◆ BRIEF ◆
Line by line, return everything in the listing exactly.

((

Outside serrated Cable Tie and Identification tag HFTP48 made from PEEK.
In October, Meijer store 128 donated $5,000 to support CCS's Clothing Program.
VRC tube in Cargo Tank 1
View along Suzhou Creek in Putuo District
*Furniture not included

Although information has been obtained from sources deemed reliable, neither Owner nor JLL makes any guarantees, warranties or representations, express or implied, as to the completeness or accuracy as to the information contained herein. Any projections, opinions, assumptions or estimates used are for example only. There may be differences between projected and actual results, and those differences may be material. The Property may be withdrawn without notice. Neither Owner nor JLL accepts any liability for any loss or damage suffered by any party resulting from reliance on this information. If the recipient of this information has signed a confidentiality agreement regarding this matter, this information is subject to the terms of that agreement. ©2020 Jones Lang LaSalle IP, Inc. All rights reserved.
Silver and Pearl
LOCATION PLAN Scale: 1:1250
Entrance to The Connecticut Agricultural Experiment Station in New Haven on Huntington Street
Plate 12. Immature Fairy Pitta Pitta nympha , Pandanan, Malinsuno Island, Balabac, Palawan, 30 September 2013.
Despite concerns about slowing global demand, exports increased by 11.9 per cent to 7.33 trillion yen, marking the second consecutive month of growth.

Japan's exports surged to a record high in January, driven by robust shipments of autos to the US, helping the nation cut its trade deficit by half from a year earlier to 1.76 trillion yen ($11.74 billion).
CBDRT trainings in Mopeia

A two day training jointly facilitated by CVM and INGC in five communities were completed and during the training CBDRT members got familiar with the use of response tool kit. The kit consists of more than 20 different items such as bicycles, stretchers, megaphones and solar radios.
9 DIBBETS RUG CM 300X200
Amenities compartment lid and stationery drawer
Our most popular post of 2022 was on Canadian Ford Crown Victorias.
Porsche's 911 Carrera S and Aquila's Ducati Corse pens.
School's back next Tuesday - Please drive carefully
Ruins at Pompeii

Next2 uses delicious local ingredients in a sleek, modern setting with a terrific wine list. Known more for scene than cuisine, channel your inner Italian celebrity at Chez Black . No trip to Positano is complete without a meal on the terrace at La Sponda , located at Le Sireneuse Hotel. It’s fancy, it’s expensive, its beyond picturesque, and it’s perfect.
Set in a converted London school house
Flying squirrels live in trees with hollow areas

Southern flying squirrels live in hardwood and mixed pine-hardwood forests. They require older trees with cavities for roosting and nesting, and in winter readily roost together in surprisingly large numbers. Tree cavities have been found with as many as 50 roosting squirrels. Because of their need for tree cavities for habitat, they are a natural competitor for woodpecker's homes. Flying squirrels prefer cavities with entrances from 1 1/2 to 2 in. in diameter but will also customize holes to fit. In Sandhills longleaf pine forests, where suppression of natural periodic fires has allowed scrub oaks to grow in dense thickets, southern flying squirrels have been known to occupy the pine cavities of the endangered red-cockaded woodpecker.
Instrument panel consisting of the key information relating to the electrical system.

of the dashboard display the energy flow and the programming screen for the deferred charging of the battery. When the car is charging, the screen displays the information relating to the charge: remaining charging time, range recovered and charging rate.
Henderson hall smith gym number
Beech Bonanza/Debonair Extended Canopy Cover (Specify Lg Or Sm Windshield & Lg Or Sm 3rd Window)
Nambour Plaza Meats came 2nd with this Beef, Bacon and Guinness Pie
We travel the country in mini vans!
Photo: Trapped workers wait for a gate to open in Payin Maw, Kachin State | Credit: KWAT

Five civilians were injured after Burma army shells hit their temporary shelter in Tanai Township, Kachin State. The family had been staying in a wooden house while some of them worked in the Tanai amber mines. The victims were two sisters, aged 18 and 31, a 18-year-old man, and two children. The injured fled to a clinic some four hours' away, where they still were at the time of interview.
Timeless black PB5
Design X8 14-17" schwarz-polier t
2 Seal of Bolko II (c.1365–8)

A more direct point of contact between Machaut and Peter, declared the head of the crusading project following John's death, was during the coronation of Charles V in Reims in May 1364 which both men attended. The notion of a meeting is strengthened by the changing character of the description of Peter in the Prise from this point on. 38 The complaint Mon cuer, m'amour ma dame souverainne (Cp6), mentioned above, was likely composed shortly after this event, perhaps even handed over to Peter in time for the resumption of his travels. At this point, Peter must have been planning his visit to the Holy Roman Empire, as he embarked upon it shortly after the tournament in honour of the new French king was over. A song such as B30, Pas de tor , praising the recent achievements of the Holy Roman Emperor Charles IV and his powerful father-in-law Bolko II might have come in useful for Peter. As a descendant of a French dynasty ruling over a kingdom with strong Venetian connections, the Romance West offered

))

◆ COMPLETED TASK ◆
Outside serrated Cable Tie and Identification tag HFTP48 made from PEEK.
In October, Meijer store 128 donated $5,000 to support CCS's Clothing Program.
VRC tube in Cargo Tank 1
View along Suzhou Creek in Putuo District
*Furniture not included

Although information has been obtained from sources deemed reliable, neither Owner nor JLL makes any guarantees, warranties or representations, express or implied, as to the completeness or accuracy as to the information contained herein. Any projections, opinions, assumptions or estimates used are for example only. There may be differences between projected and actual results, and those differences may be material. The Property may be withdrawn without notice. Neither Owner nor JLL accepts any liability for any loss or damage suffered by any party resulting from reliance on this information. If the recipient of this information has signed a confidentiality agreement regarding this matter, this information is subject to the terms of that agreement. ©2020 Jones Lang LaSalle IP, Inc. All rights reserved.
Silver and Pearl
LOCATION PLAN Scale: 1:1250
Entrance to The Connecticut Agricultural Experiment Station in New Haven on Huntington Street
Plate 12. Immature Fairy Pitta Pitta nympha , Pandanan, Malinsuno Island, Balabac, Palawan, 30 September 2013.
Despite concerns about slowing global demand, exports increased by 11.9 per cent to 7.33 trillion yen, marking the second consecutive month of growth.

Japan's exports surged to a record high in January, driven by robust shipments of autos to the US, helping the nation cut its trade deficit by half from a year earlier to 1.76 trillion yen ($11.74 billion).
CBDRT trainings in Mopeia

A two day training jointly facilitated by CVM and INGC in five communities were completed and during the training CBDRT members got familiar with the use of response tool kit. The kit consists of more than 20 different items such as bicycles, stretchers, megaphones and solar radios.
9 DIBBETS RUG CM 300X200
Amenities compartment lid and stationery drawer
Our most popular post of 2022 was on Canadian Ford Crown Victorias.
Porsche's 911 Carrera S and Aquila's Ducati Corse pens.
School's back next Tuesday - Please drive carefully
Ruins at Pompeii

Next2 uses delicious local ingredients in a sleek, modern setting with a terrific wine list. Known more for scene than cuisine, channel your inner Italian celebrity at Chez Black . No trip to Positano is complete without a meal on the terrace at La Sponda , located at Le Sireneuse Hotel. It’s fancy, it’s expensive, its beyond picturesque, and it’s perfect.
Set in a converted London school house
Flying squirrels live in trees with hollow areas

Southern flying squirrels live in hardwood and mixed pine-hardwood forests. They require older trees with cavities for roosting and nesting, and in winter readily roost together in surprisingly large numbers. Tree cavities have been found with as many as 50 roosting squirrels. Because of their need for tree cavities for habitat, they are a natural competitor for woodpecker's homes. Flying squirrels prefer cavities with entrances from 1 1/2 to 2 in. in diameter but will also customize holes to fit. In Sandhills longleaf pine forests, where suppression of natural periodic fires has allowed scrub oaks to grow in dense thickets, southern flying squirrels have been known to occupy the pine cavities of the endangered red-cockaded woodpecker.
Instrument panel consisting of the key information relating to the electrical system.

of the dashboard display the energy flow and the programming screen for the deferred charging of the battery. When the car is charging, the screen displays the information relating to the charge: remaining charging time, range recovered and charging rate.
Henderson hall smith gym number
Beech Bonanza/Debonair Extended Canopy Cover (Specify Lg Or Sm Windshield & Lg Or Sm 3rd Window)
Nambour Plaza Meats came 2nd with this Beef, Bacon and Guinness Pie
We travel the country in mini vans!
Photo: Trapped workers wait for a gate to open in Payin Maw, Kachin State | Credit: KWAT

Five civilians were injured after Burma army shells hit their temporary shelter in Tanai Township, Kachin State. The family had been staying in a wooden house while some of them worked in the Tanai amber mines. The victims were two sisters, aged 18 and 31, a 18-year-old man, and two children. The injured fled to a clinic some four hours' away, where they still were at the time of interview.
Timeless black PB5
Design X8 14-17" schwarz-polier t
2 Seal of Bolko II (c.1365–8)

A more direct point of contact between Machaut and Peter, declared the head of the crusading project following John's death, was during the coronation of Charles V in Reims in May 1364 which both men attended. The notion of a meeting is strengthened by the changing character of the description of Peter in the Prise from this point on. 38 The complaint Mon cuer, m'amour ma dame souverainne (Cp6), mentioned above, was likely composed shortly after this event, perhaps even handed over to Peter in time for the resumption of his travels. At this point, Peter must have been planning his visit to the Holy Roman Empire, as he embarked upon it shortly after the tournament in honour of the new French king was over. A song such as B30, Pas de tor , praising the recent achievements of the Holy Roman Emperor Charles IV and his powerful father-in-law Bolko II might have come in useful for Peter. As a descendant of a French dynasty ruling over a kingdom with strong Venetian connections, the Romance West offered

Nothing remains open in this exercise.